Sustained growth at a respectable rate, as India has managed in the past 25 years, can take the country far over a period of time and pull many people out of poverty, she said.
"That is, a consistent 6-7.5% growth annually for years on end without any major crisis. That is a significant achievement, one that India has actually achieved since year 2000. And you can lift a lot of people out of poverty.” “You can go a long way and attain substantial progress by just growing at a respectable rate for two decades. Transitioning then to a higher growth trajectory is a different matter,” Ohnsorge said, indicating the role that favourable global conditions and an element of luck can play on growth trends.
India's economy grew by 6.5% in fiscal year 2025 (FY25), and expanded at 7.8% in the April-June period of the ongoing fiscal year.
In response to a question about the tariff barriers faced by domestic exporters in India's largest export market, the US, she said that trade deals enhance market access.
“That (the US) is one market. But look at the negotiations that have been ongoing on with the EU (European Union). And look at what just happened with the UK trade agreement. That is perhaps the most ambitious trade agreement in a decade. It went well beyond tariffs and covers services exports and has labour mobility provisions. So, the world is big. There is the EU, there is Australia, there is Canada,” said Ohnsorge.
“Even if one trading partner is becoming less accessible, others may become more accessible with these trade agreements.”
Highlighting the potential for scaling up India’s exports, Ohnsorge said that India’s service exports is a success story, but merchandise exports are underperforming. If India addresses relatively high import tariffs on intermediate goods and builds that into trade deals, domestic manufacturing sector will also get a big boost, she said.
In agriculture, one could think of replacing intermediate goods with labour, but that is not possible in manufacturing, said Ohnsorge.
Manufacturing is really hurt by tariffs on intermediate imports, said Ohnsorge.
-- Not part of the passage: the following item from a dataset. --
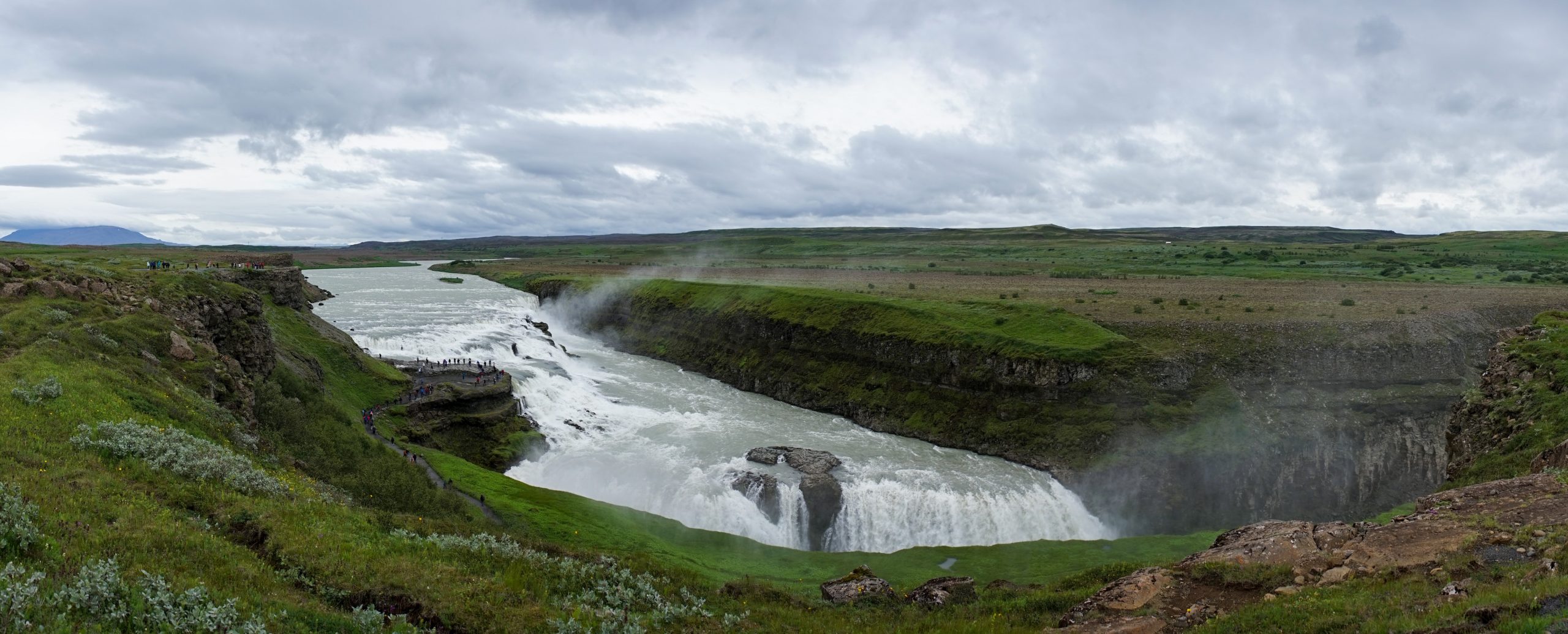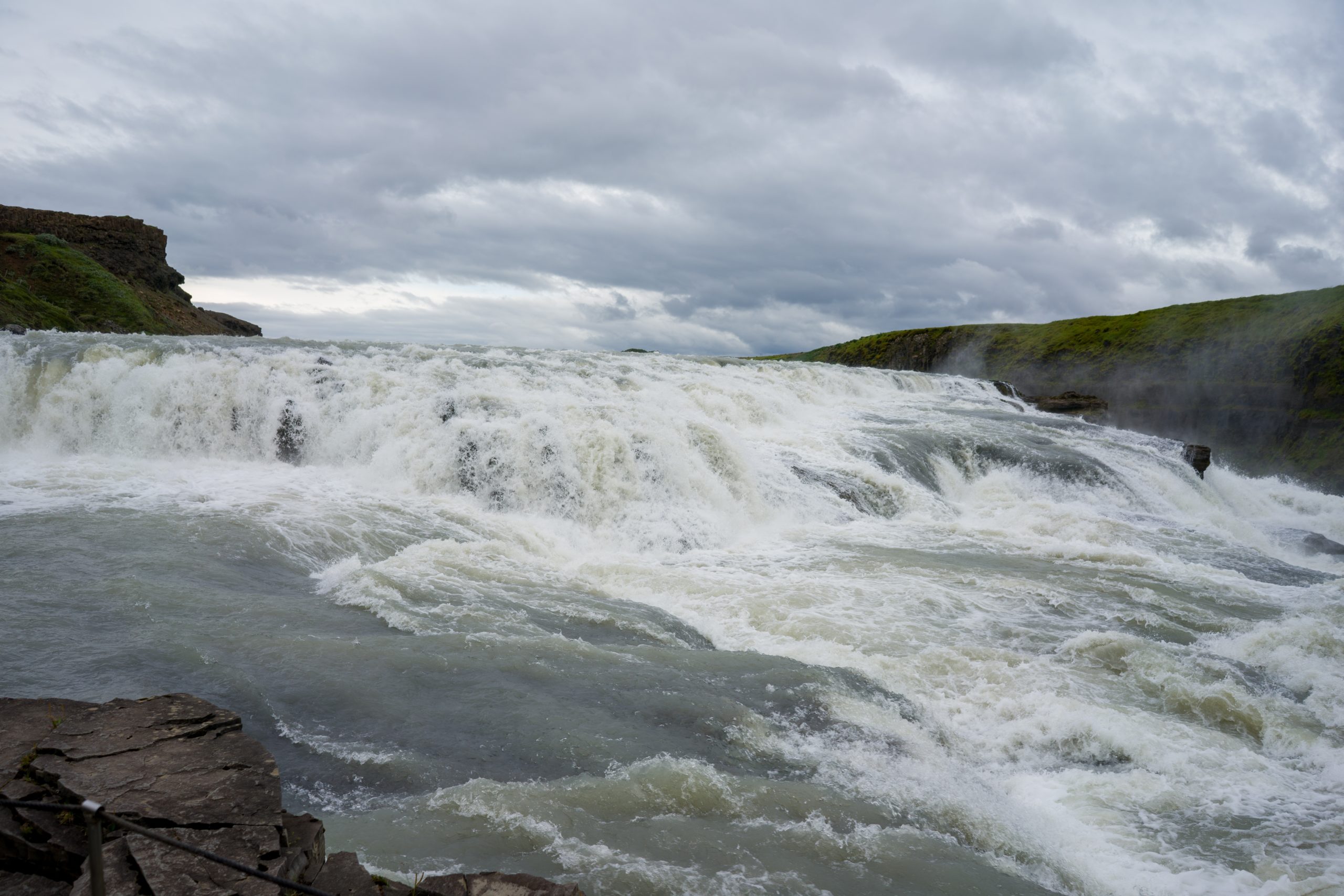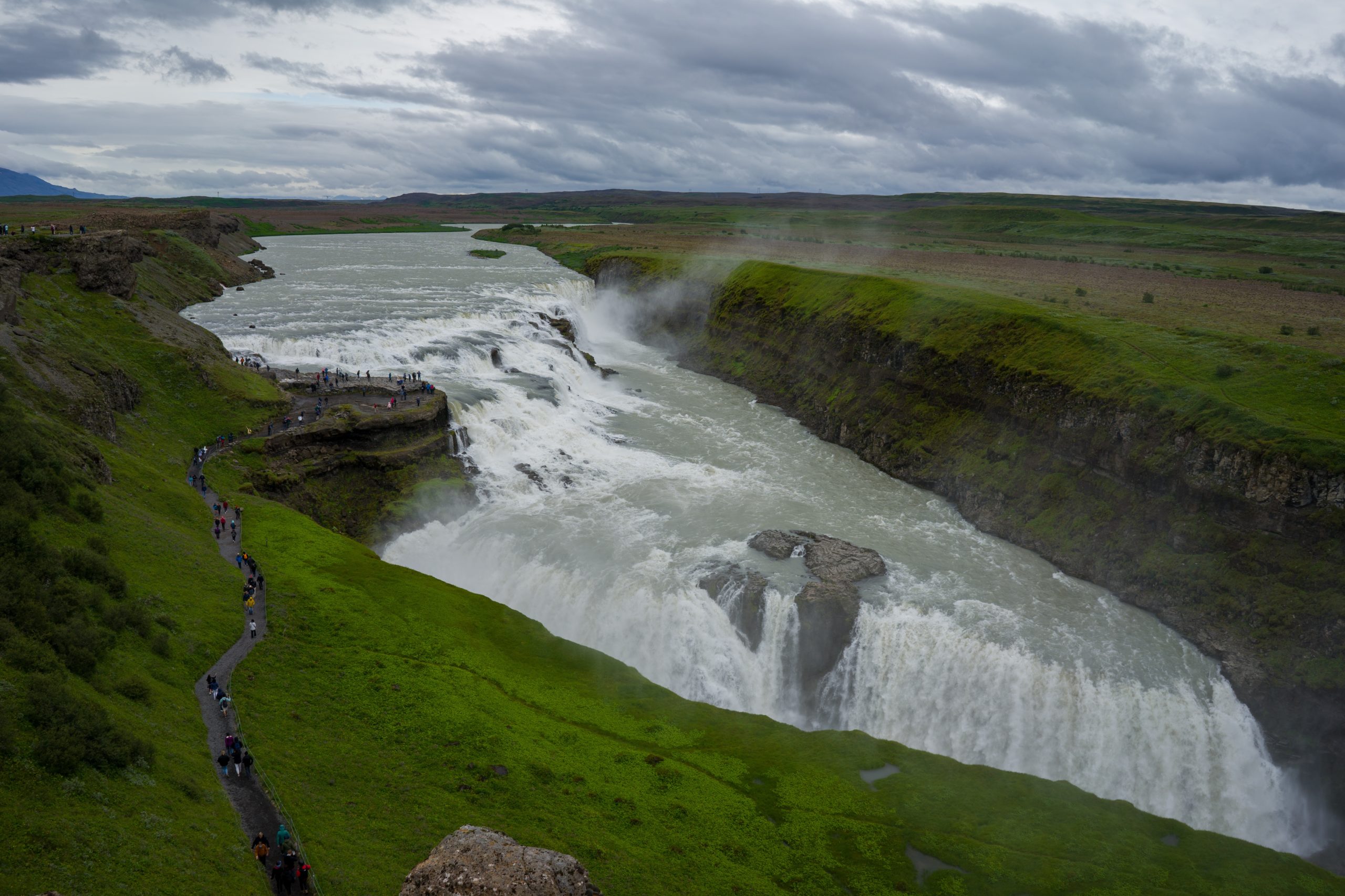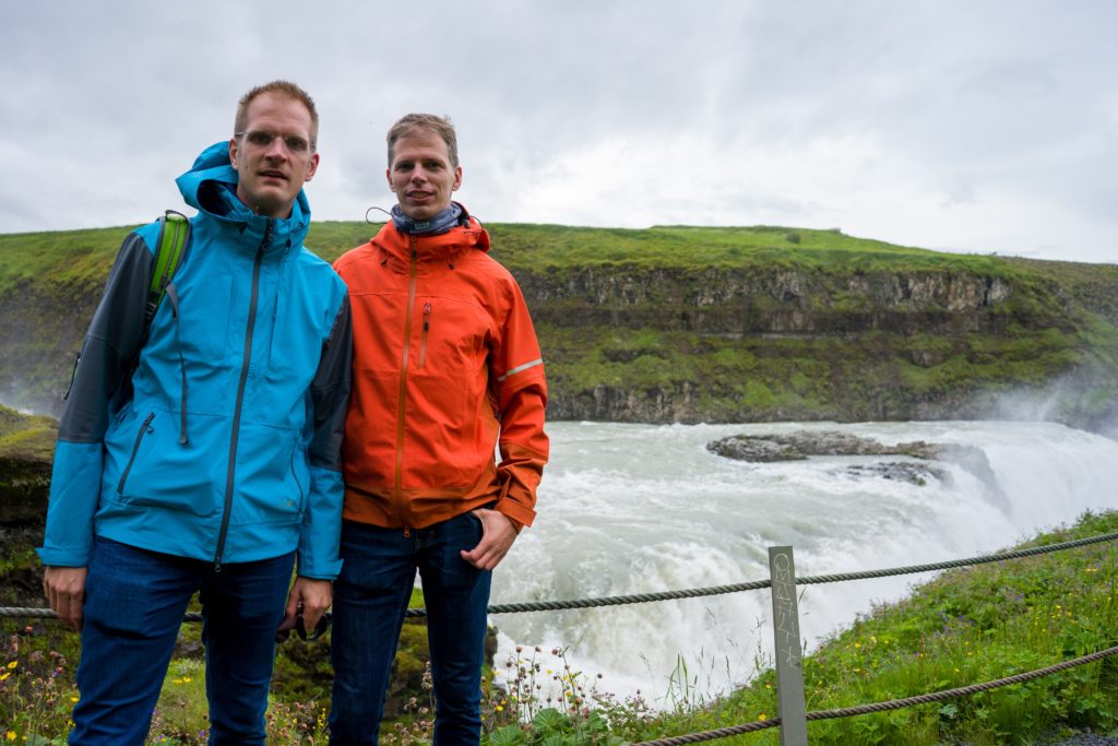 Unser nächster Stop ist ebenfalls ein sehr touristischer, der Gullfoss. Wenngleich nicht der höchste Wasserfall, gehört er doch zu den beeindruckendsten. Seine zwei Stufen stehen nahezu im rechten Winkel zueinander. Durch seine Breite von gut 200 Metern fließen hier beeindruckende Wassermengen ins Tal.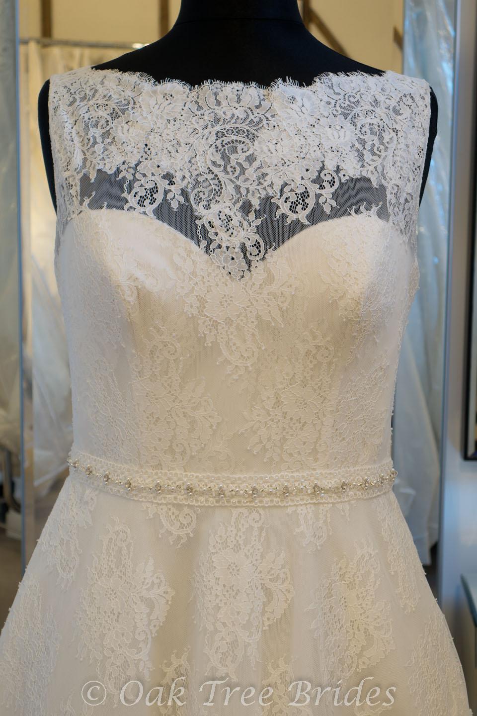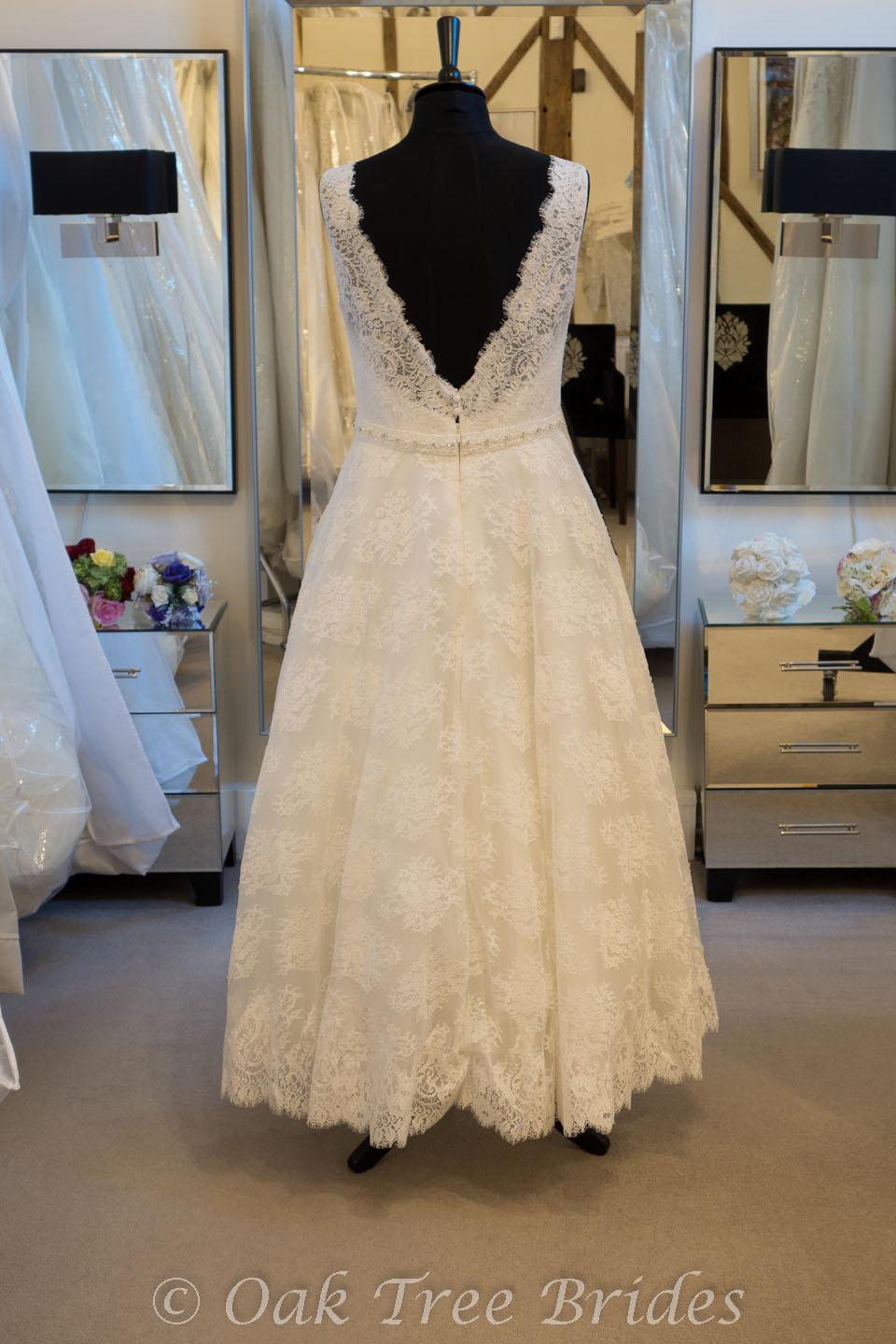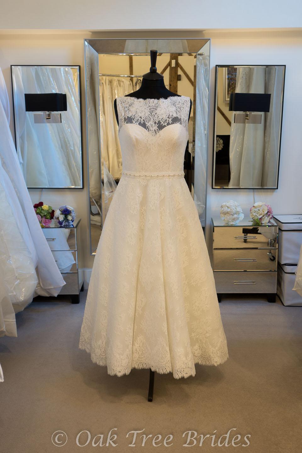 Description : A tea length lace wedding dress with illusion neckline and V-back. Pretty beaded belt attached at waist.

“If those can be lowered and ideally, embedded in a broader trade agreement that goes well beyond tariffs, you could get a real manufacturing renaissance in India," Ohnsorge said, adding that exports account for a high share in the GDP in the case of Mexico and Vietnam, indicating their high market access.
“For India it is 12% of GDP, as per 2023 data,” Ohnsorge said, referring to the period before India’s deal with the UK.
Including the gains from India’s trade deal signed with the UK in July, and likely deals with Australia, the EU, Canada, and possibly the US, India’s export share could surge to as high as 50% of GDP, she said.
“This is what could truly trigger a renaissance in manufacturing,” she added.
India is currently negotiating with Australia a full-scale comprehensive economic cooperation agreement and is in talks with the EU, Peru, Chile, Oman, Qatar, New Zealand and the US for trade deals.
In case of Canada, the Indian government has announced setting up a high-level officials' team to start the negotiations.